• **HOW TO COMPLETE THIS TASK**
From the material below, set down exactly the lines that run from the one containing "Plakat aus dem" to the one containing "1858 U.S FLYING", minus the pictures.

• **PROVIDED RECORDS**
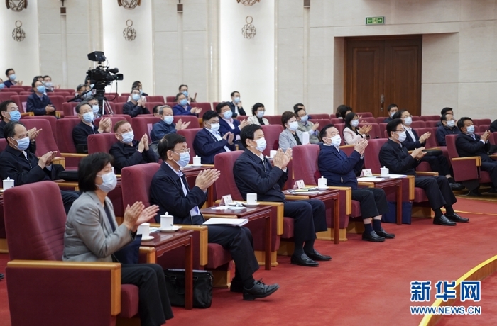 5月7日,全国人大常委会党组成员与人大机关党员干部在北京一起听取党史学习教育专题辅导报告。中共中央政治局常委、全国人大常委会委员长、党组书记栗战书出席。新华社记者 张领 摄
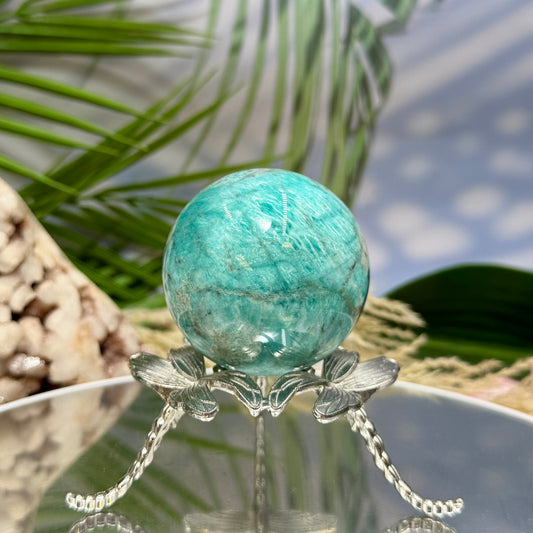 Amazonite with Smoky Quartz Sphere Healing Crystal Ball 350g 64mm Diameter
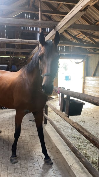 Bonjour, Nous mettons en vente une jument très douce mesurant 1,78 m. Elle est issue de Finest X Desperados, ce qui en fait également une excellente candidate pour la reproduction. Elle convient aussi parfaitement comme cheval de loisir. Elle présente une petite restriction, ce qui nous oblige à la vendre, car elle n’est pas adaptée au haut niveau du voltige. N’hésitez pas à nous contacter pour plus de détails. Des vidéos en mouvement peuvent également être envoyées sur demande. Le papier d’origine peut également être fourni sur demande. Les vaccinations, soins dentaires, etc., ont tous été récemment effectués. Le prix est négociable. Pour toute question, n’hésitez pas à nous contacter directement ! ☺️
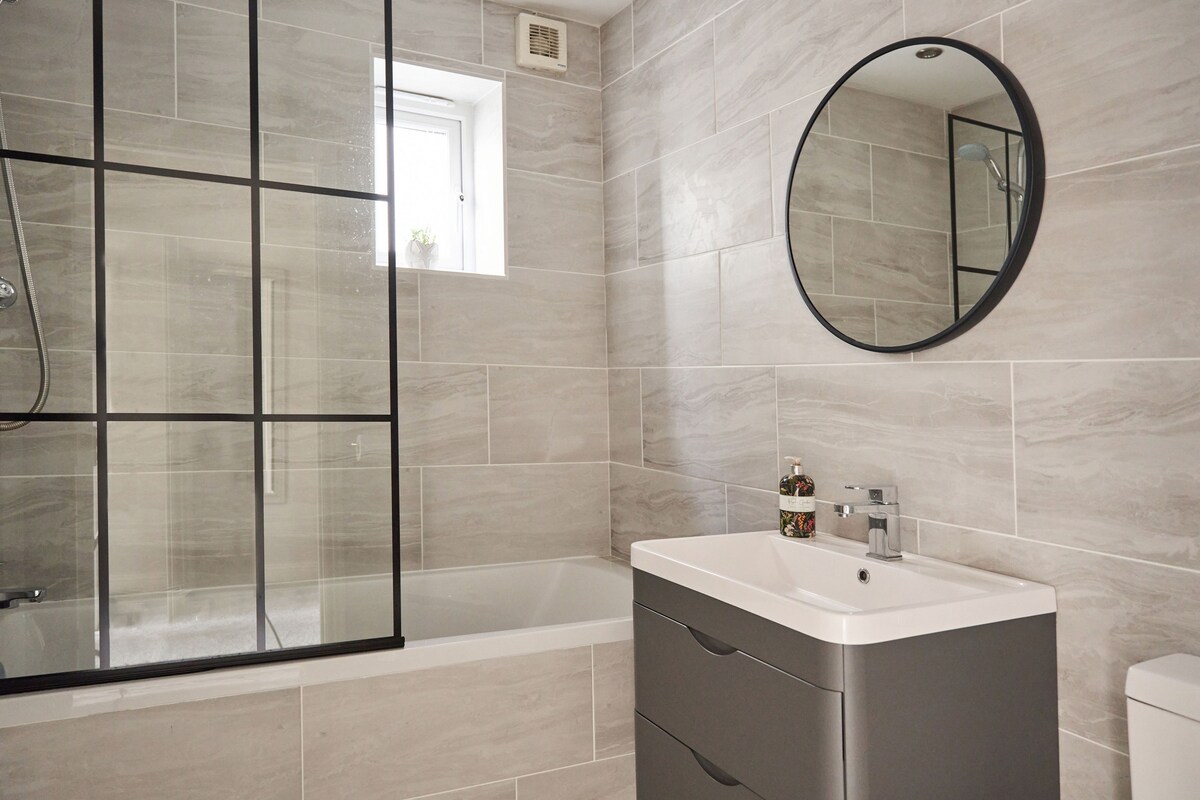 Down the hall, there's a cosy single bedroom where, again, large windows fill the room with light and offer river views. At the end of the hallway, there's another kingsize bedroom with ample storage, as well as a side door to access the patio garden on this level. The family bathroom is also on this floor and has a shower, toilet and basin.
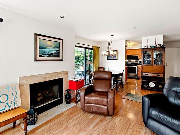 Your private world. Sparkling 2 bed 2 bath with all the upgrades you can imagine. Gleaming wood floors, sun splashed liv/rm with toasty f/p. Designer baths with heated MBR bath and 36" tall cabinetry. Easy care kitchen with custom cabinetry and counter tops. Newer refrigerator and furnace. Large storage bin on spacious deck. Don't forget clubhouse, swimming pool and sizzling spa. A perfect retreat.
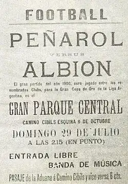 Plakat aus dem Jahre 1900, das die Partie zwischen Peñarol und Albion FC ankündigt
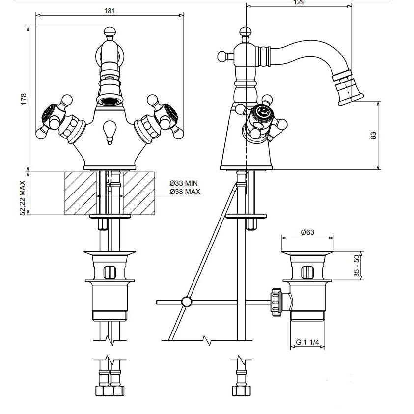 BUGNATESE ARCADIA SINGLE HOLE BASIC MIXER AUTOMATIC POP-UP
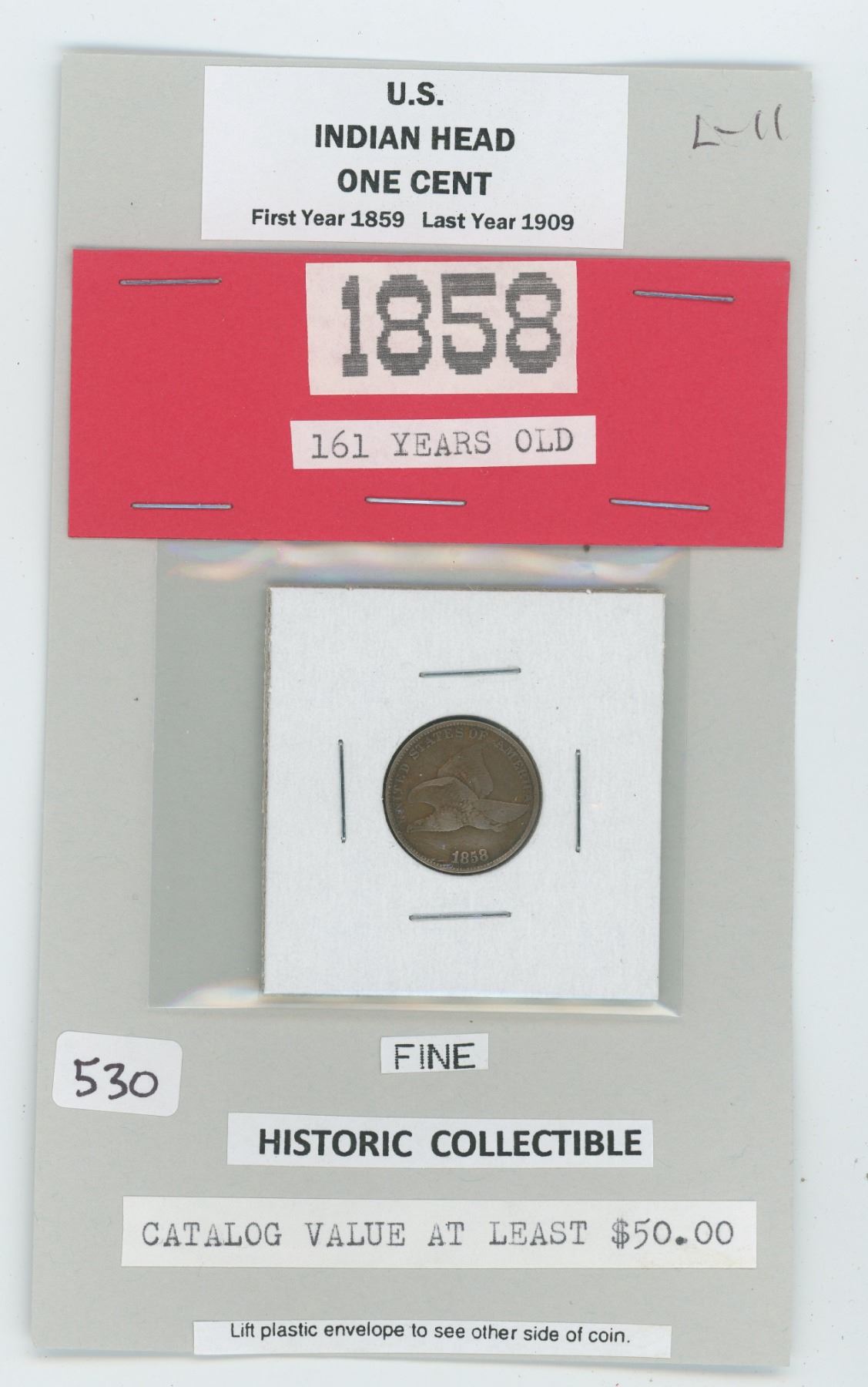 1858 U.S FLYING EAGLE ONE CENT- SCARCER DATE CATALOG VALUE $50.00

...

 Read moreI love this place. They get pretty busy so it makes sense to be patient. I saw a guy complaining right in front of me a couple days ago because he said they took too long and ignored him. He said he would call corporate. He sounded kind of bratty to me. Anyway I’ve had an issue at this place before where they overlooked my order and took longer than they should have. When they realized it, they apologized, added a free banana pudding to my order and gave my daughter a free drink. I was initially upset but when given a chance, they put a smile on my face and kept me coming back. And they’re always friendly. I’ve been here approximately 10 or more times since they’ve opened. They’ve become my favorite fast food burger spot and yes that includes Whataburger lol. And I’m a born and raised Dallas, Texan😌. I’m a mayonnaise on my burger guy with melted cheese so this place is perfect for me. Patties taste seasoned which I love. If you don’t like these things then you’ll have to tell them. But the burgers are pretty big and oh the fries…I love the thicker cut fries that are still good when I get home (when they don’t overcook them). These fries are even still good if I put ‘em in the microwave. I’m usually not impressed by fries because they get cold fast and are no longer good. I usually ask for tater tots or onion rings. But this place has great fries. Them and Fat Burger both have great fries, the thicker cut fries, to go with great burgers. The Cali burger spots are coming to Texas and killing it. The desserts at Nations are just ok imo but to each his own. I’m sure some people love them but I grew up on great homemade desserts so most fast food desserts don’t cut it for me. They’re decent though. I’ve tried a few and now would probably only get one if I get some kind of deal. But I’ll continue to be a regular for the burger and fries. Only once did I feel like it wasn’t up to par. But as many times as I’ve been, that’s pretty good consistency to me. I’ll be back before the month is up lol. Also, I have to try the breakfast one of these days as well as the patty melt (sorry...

* * *

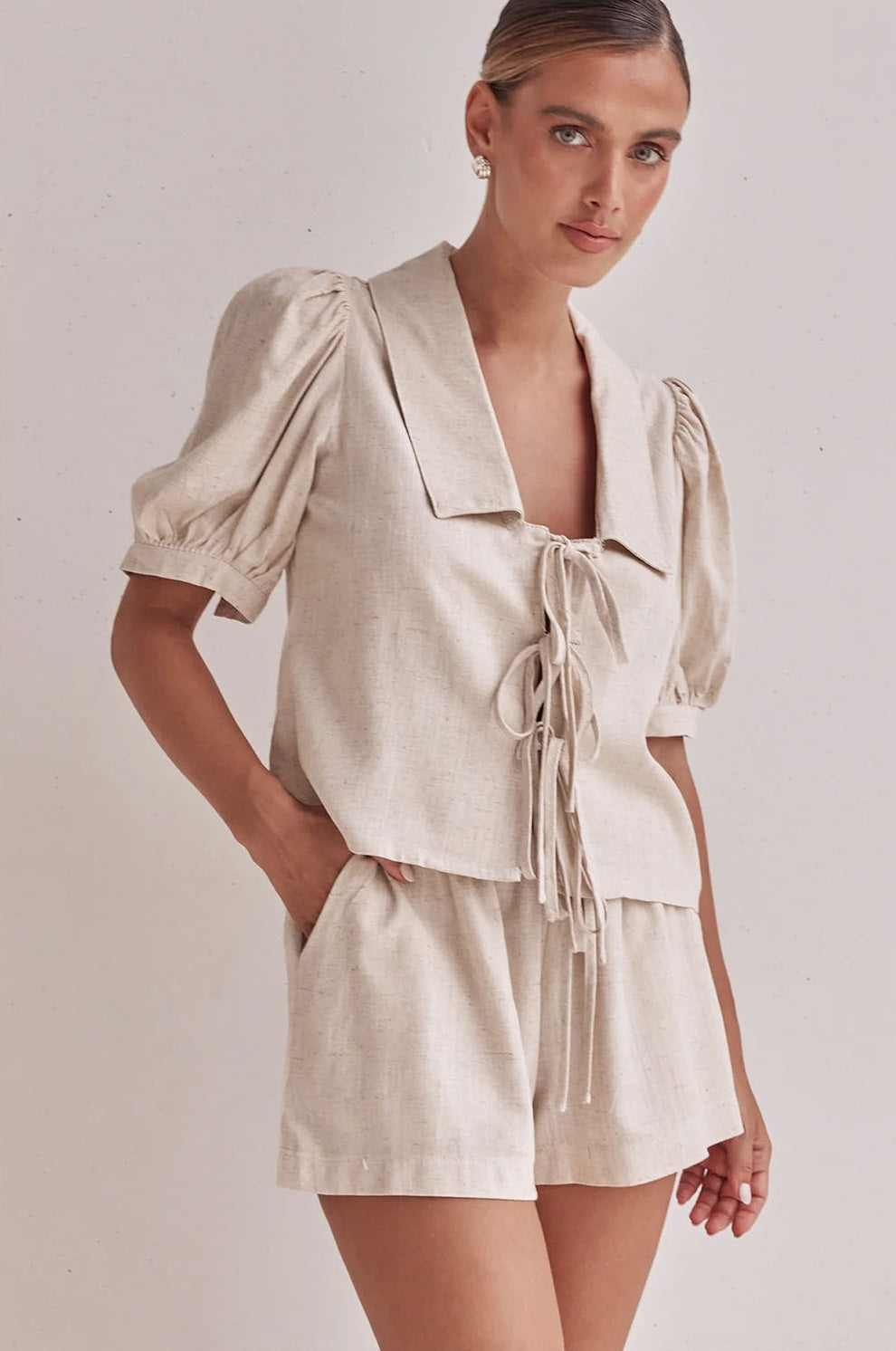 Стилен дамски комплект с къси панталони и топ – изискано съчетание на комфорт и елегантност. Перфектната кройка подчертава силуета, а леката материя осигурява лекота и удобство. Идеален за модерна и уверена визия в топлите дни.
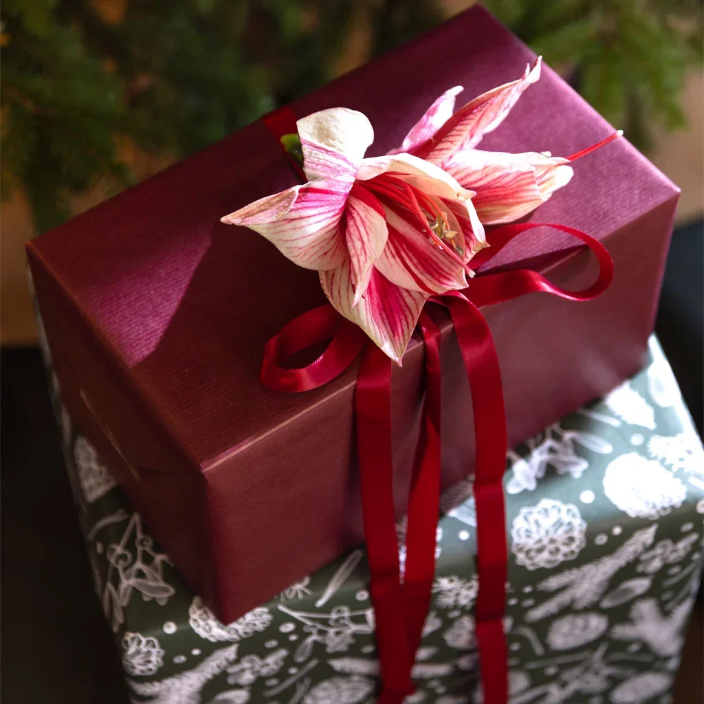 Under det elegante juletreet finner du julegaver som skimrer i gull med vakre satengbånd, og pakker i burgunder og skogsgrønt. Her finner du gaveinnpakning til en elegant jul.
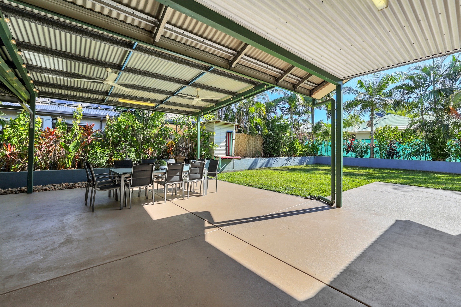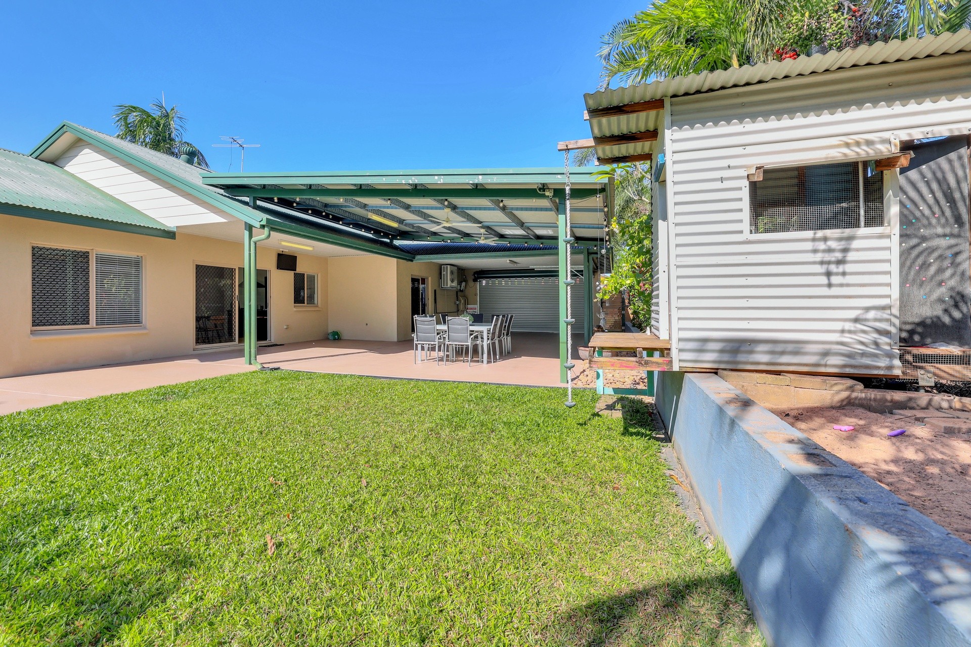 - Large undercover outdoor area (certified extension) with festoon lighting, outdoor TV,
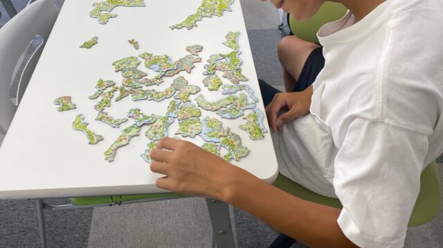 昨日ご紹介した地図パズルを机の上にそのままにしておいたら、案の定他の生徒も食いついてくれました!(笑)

• **REPLY TO THE TASK**
 Plakat aus dem Jahre 1900, das die Partie zwischen Peñarol und Albion FC ankündigt
 BUGNATESE ARCADIA SINGLE HOLE BASIC MIXER AUTOMATIC POP-UP
 1858 U.S FLYING EAGLE ONE CENT- SCARCER DATE CATALOG VALUE $50.00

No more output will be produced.